Pub Date: Aug. 18th, 2015
ISBN: 978-1-5011-0571-5

In Hood’s debut action adventure, it’s tough to cheer for a hard-case hero who tortures with gasoline and a Zippo, but then special-ops warrior Mason Kane had good reason.

Before he flicked the lighter, Kane knew Decklin wanted him dead. Both were members of the off-the-books Anvil Program, doing dirty jobs in Afghanistan, Iraq, and other Middle East hot spots. Then Anvil’s leader, Col. Barnes, wiped out an innocent Afghan family that refused to give him information about a Taliban network. Kane didn’t participate; Barnes despised his disloyalty. Later, during a Libyan Anvil mission, Barnes ordered Decklin to kill Kane.
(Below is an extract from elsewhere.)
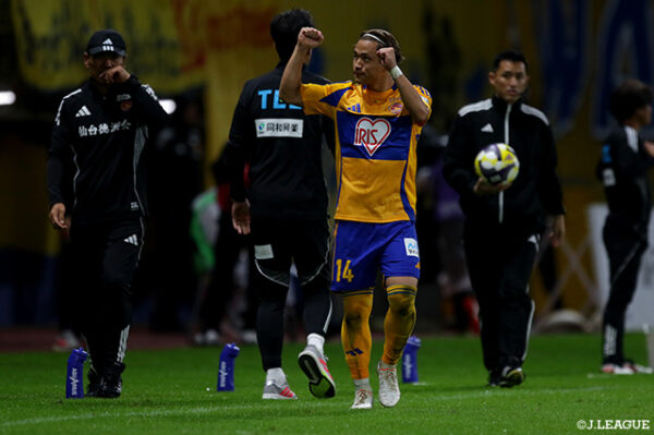 開始直後から熱量の高いプレーが繰り広げられる「みちのくダービー」。仙台はうまく相手の間でボールを受ける郷家と、左から鋭いドリブルを仕掛ける相良の両サイドMFを中心に攻め込み、ペースを握る。先制点を許して迎えたハーフタイムには、さらに攻勢に出るべく、監督は交代カードを切る。すると、これがすぐさま結果に結び付く。特に武田は中央からの崩しに彩りを加え、逆転ゴールを演出する。以降は危なげなく試合を進め、追加点を奪って試合終了。ダービーでのシーズンダブルと、終盤戦という2つの意味で大きな勝点3を獲得した。

Kane escaped, allowing Barnes to blame the newly discovered Afghan massacre on him, turning Kane into a shoot-on-sight fugitive. Kane’s going rogue also meant distraction from another plan by Barnes’ boss, the president’s national security adviser, Cage. That’s Operation Lion, a nerve gas attack in Damascus to inflame tensions and draw America into an all-out war. The book’s all action and ambush, with Kane fighting in streets, casbahs, and secret unidentified CIA bases from North Africa to Afghanistan. Character development is the first casualty. Kane’s a can’t-be-killed soldier equipped with the standard ex-wife who couldn’t stand the strain. His closest friend is Zeus, a Libyan operative, but any cinematic-style buddy-buddy banter falls flat. Then there’s the meet-not-so-cute between Renee and Kane. Renee’s a pretty (and deadly) woman–turned–special-operator leader of Task Force 111, "the tip of the spear when it came to tracking high-value targets." Renee has Kane speculating maybe "both had found something in each other they had been missing."

Hood has the foundation for an action-adventure series, with a shoot-first hero in the style of Child's Jack Reacher, Hunter's Bob Lee Swagger, or DeMille's John Corey.